### Supplied material
·····

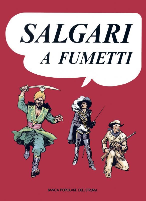 ES1 - “Salgari a Fumetti” - Banca Popolare dell’Etruria - novembre 1975 - 192 pgg. + cop. - cm 24 x 33 cart. - misto - edizione fuori commercio. Pubblica un’antologia di riduzioni a fumetti. “Il Corsaro Nero”, di Franco Chiletto, apparso la prima volta su SALGARI, Settimanale di Grandi Avventure (La Nuova Biblioteca, 1946). “I misteri della Jungla Nera”, di Guido Moroni Celsi, apparso la prima volta su TOPOLINO (Mondadori 1936). “Sulle frontiere del Far West”, di Rino Albertarelli con i testi di Guido Mellini, apparso la prima volta sull’AUDACE ( S.A.E.V. > A.P.I., 1939)
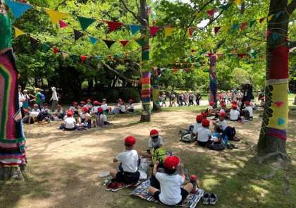 2年生になって初めての遠足。行先は長居公園です。今日は一段と気温が上がり、初夏の日差しがジリジリと降りそそいでいました。
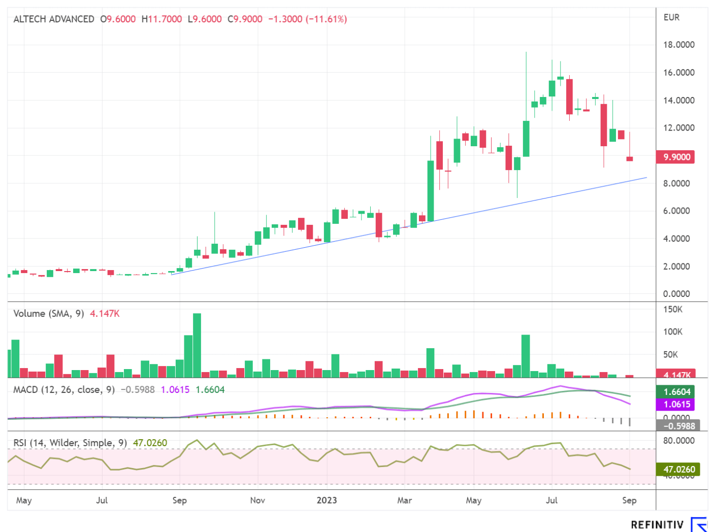 The news situation at Altech Advanced Materials remains quiet. This is mirrored by the development of the share, which was included in Xetra trading in mid-July. Since mid-June, the share price has corrected from its all-time high of EUR 17.50 under low volume to currently EUR 9.90. Nevertheless, the innovation leader in anode composite materials for lithium-ion batteries as well as for environmentally friendly stationary energy storage systems based on sodium-alumina solid state batteries has been one of the market outperformers since the beginning of the year, with a gain of 164%.
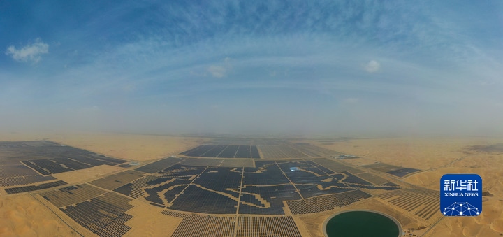 鄂爾多斯市庫布其沙漠深處,由近20萬塊深藍(lán)色光伏板構(gòu)成的巨型駿馬圖令人震撼,不少“拍客”慕名而來。這處駿馬光伏電站相當(dāng)于180多個(gè)標(biāo)準(zhǔn)足球場(chǎng)大小,板上發(fā)電、板下種植,既利用豐富的太陽能資源,又推動(dòng)沙漠生態(tài)治理。

·····

### Your goal
Give the data again word for word, without images.

### Response
 ES1 - “Salgari a Fumetti” - Banca Popolare dell’Etruria - novembre 1975 - 192 pgg. + cop. - cm 24 x 33 cart. - misto - edizione fuori commercio. Pubblica un’antologia di riduzioni a fumetti. “Il Corsaro Nero”, di Franco Chiletto, apparso la prima volta su SALGARI, Settimanale di Grandi Avventure (La Nuova Biblioteca, 1946). “I misteri della Jungla Nera”, di Guido Moroni Celsi, apparso la prima volta su TOPOLINO (Mondadori 1936). “Sulle frontiere del Far West”, di Rino Albertarelli con i testi di Guido Mellini, apparso la prima volta sull’AUDACE ( S.A.E.V. > A.P.I., 1939)
 2年生になって初めての遠足。行先は長居公園です。今日は一段と気温が上がり、初夏の日差しがジリジリと降りそそいでいました。
 The news situation at Altech Advanced Materials remains quiet. This is mirrored by the development of the share, which was included in Xetra trading in mid-July. Since mid-June, the share price has corrected from its all-time high of EUR 17.50 under low volume to currently EUR 9.90. Nevertheless, the innovation leader in anode composite materials for lithium-ion batteries as well as for environmentally friendly stationary energy storage systems based on sodium-alumina solid state batteries has been one of the market outperformers since the beginning of the year, with a gain of 164%.
 鄂爾多斯市庫布其沙漠深處,由近20萬塊深藍(lán)色光伏板構(gòu)成的巨型駿馬圖令人震撼,不少“拍客”慕名而來。這處駿馬光伏電站相當(dāng)于180多個(gè)標(biāo)準(zhǔn)足球場(chǎng)大小,板上發(fā)電、板下種植,既利用豐富的太陽能資源,又推動(dòng)沙漠生態(tài)治理。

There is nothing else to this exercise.